Aim of the task:
In the entries below, find the line with "GRAYSON Dishwasher Salt" and the line with "义诊环节,由内分泌二科、骨伤". Repeat exactly everything between them, those two lines included, but not the pictures.

Input:

§ §

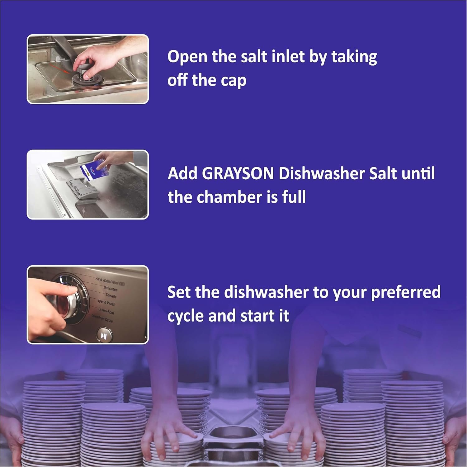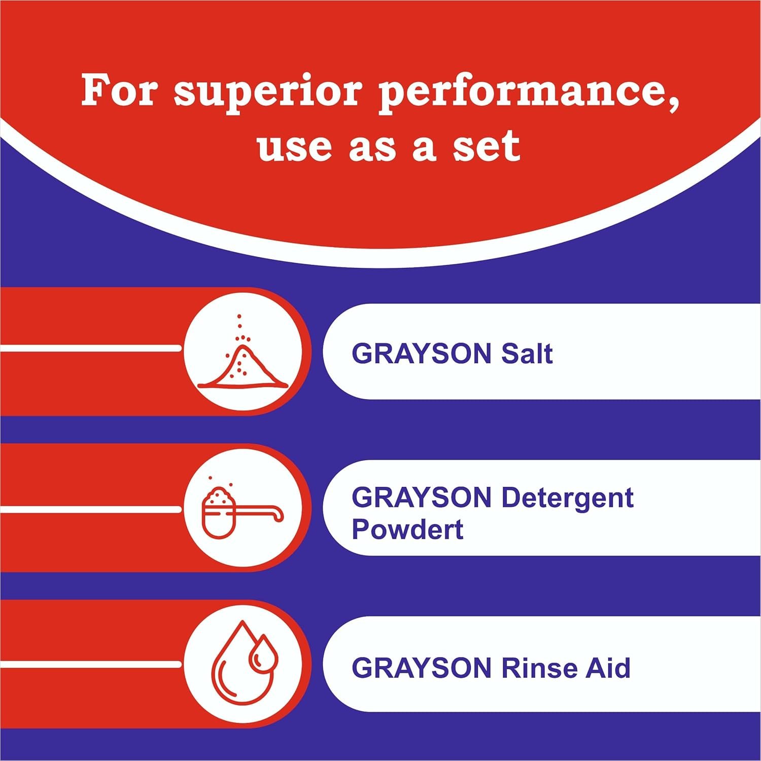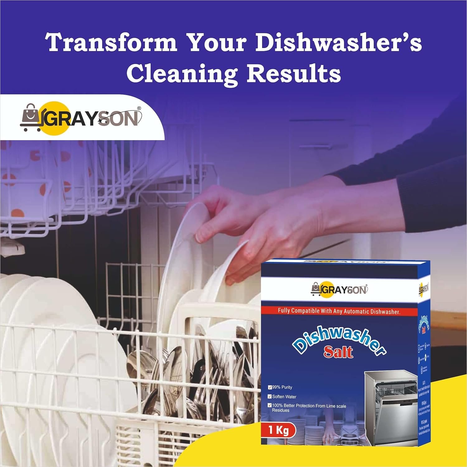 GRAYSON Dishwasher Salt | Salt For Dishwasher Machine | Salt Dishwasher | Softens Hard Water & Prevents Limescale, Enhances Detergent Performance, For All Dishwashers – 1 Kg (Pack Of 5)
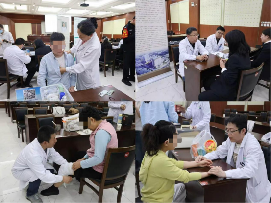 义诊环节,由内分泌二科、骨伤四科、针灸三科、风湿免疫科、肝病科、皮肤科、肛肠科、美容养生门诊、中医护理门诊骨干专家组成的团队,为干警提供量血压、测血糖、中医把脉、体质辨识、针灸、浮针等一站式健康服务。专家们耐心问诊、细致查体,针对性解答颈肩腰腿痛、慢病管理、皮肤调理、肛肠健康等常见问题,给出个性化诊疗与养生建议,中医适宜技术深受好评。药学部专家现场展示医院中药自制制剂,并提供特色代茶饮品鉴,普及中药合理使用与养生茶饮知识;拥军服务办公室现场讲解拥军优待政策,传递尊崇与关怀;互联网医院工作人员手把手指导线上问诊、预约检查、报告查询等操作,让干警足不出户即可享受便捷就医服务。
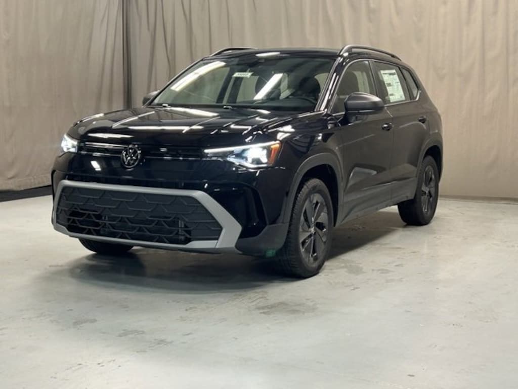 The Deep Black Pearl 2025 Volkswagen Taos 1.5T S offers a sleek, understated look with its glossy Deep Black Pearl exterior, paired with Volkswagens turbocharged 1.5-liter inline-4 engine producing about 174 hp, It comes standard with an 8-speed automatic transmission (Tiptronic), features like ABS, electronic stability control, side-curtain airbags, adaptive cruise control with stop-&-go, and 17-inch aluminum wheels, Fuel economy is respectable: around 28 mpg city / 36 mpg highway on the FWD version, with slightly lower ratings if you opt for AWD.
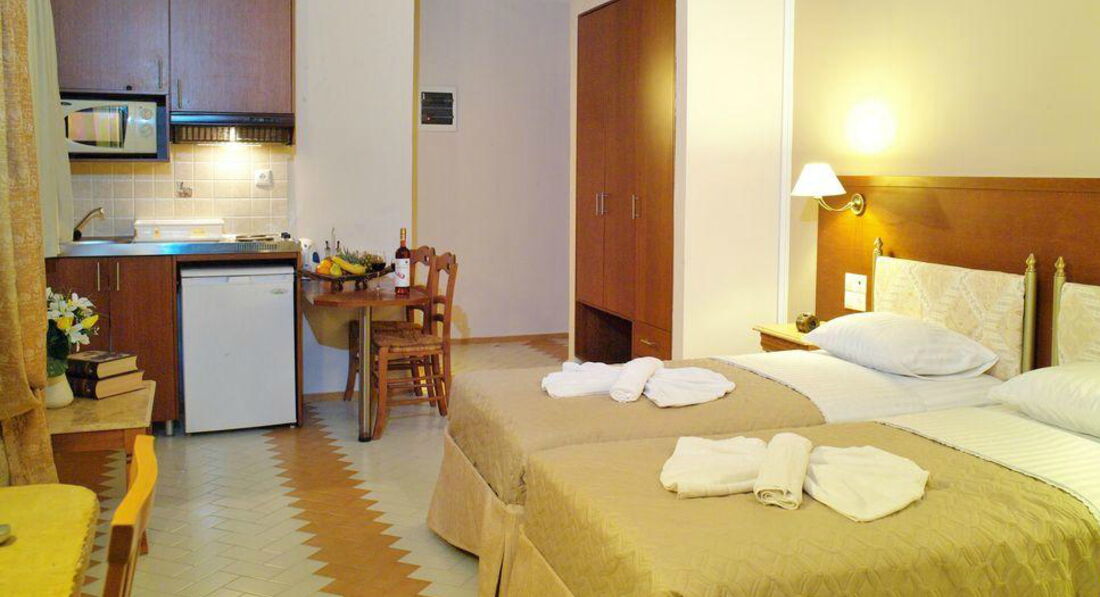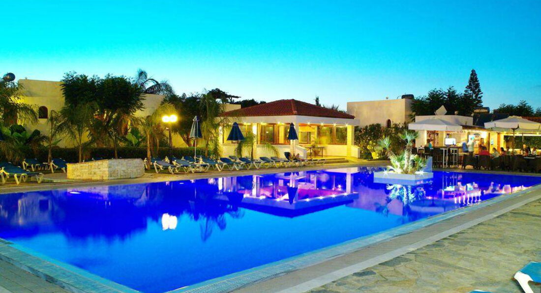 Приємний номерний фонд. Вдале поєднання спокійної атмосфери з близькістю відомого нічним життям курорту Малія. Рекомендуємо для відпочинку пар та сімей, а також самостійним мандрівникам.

§ §

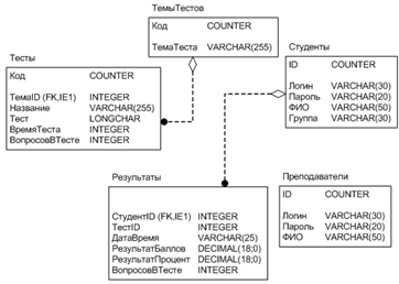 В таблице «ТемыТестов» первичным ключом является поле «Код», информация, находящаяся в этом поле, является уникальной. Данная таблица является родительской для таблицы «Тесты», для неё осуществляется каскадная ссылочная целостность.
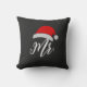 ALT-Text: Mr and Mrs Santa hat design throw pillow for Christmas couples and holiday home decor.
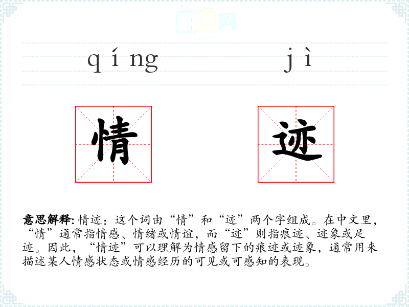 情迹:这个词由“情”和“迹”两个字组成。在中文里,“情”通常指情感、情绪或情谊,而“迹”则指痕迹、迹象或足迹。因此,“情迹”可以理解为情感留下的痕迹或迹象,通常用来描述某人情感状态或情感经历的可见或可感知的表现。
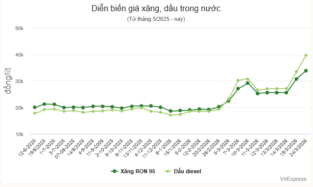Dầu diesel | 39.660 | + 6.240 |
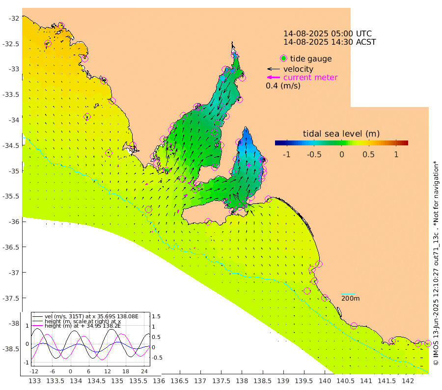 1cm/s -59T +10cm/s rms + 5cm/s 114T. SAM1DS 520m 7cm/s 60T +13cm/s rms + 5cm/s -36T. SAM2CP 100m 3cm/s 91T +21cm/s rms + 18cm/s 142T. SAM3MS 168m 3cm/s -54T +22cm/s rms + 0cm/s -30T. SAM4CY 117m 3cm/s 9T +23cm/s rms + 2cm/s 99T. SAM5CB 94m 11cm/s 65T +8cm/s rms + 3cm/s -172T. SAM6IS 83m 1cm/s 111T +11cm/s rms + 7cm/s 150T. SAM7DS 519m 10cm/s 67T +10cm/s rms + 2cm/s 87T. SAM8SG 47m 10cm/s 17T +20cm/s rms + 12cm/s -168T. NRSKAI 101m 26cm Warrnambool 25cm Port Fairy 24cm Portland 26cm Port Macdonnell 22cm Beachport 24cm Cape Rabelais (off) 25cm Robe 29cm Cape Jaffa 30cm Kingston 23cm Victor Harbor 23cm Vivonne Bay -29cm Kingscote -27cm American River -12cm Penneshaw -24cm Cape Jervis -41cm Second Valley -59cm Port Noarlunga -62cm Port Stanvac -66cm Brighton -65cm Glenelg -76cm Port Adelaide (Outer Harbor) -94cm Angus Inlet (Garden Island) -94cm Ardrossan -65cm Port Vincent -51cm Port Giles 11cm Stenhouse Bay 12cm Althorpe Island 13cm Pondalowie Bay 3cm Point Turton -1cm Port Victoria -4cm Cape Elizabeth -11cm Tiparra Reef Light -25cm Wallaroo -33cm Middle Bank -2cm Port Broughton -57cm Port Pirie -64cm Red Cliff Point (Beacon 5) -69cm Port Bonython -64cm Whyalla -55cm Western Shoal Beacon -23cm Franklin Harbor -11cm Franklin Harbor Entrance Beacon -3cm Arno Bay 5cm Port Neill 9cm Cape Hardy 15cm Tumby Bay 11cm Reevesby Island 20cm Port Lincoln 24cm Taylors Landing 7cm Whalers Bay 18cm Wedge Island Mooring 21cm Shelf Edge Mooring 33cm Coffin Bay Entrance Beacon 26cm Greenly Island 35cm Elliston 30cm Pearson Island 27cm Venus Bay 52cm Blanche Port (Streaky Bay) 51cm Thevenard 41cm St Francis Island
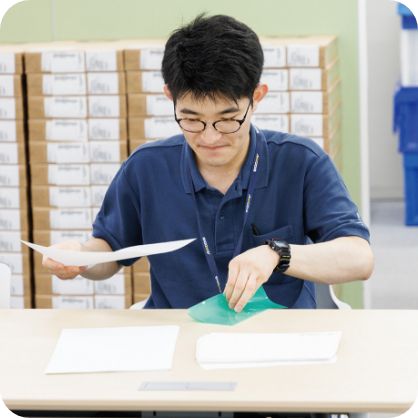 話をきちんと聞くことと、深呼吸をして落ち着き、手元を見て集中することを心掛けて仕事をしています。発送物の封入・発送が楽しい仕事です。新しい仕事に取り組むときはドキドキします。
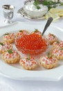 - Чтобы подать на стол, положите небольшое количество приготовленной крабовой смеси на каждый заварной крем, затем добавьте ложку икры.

§ §

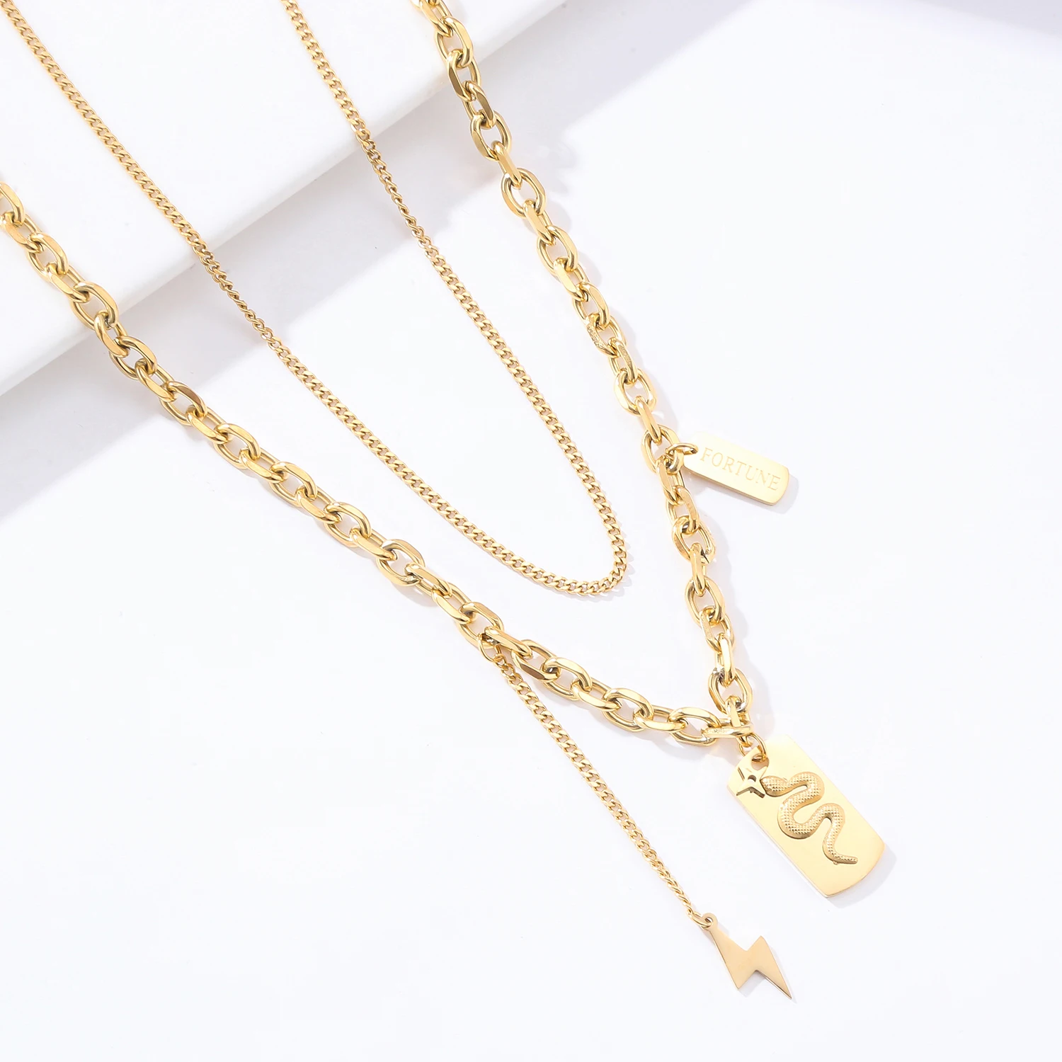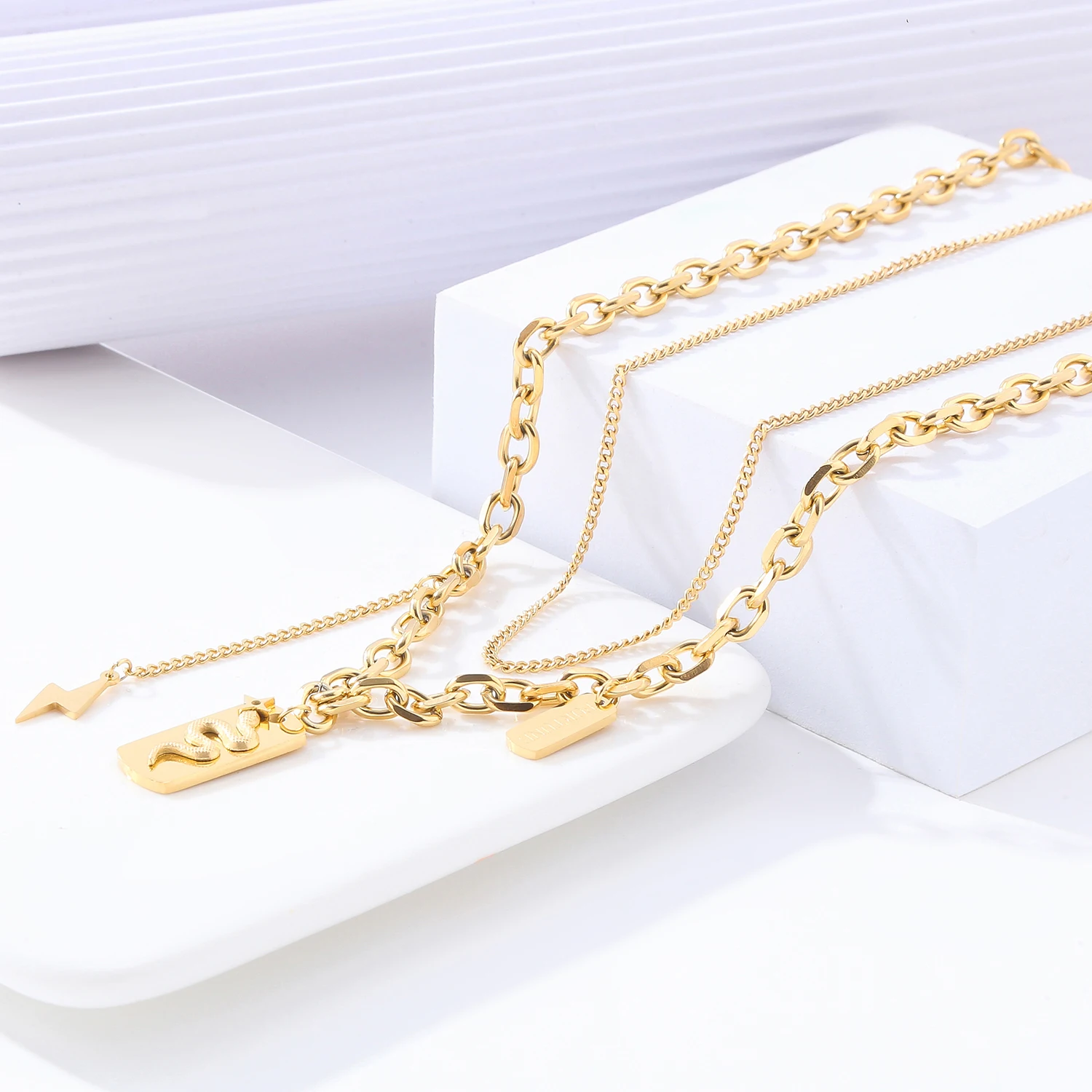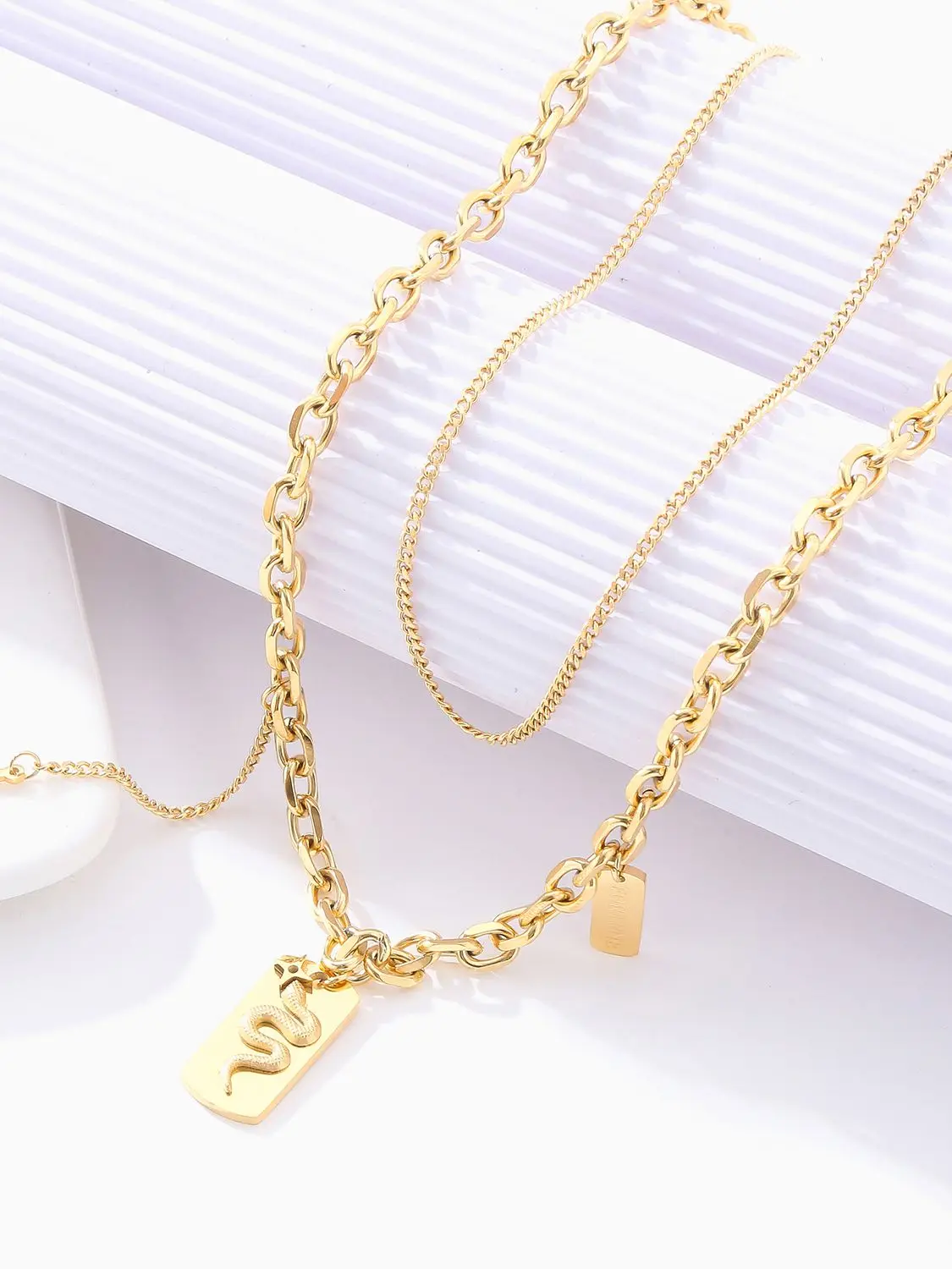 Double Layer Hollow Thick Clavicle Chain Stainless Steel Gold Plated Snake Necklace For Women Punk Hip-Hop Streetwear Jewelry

§ §

Response to this exercise:
 GRAYSON Dishwasher Salt | Salt For Dishwasher Machine | Salt Dishwasher | Softens Hard Water & Prevents Limescale, Enhances Detergent Performance, For All Dishwashers – 1 Kg (Pack Of 5)
 义诊环节,由内分泌二科、骨伤四科、针灸三科、风湿免疫科、肝病科、皮肤科、肛肠科、美容养生门诊、中医护理门诊骨干专家组成的团队,为干警提供量血压、测血糖、中医把脉、体质辨识、针灸、浮针等一站式健康服务。专家们耐心问诊、细致查体,针对性解答颈肩腰腿痛、慢病管理、皮肤调理、肛肠健康等常见问题,给出个性化诊疗与养生建议,中医适宜技术深受好评。药学部专家现场展示医院中药自制制剂,并提供特色代茶饮品鉴,普及中药合理使用与养生茶饮知识;拥军服务办公室现场讲解拥军优待政策,传递尊崇与关怀;互联网医院工作人员手把手指导线上问诊、预约检查、报告查询等操作,让干警足不出户即可享受便捷就医服务。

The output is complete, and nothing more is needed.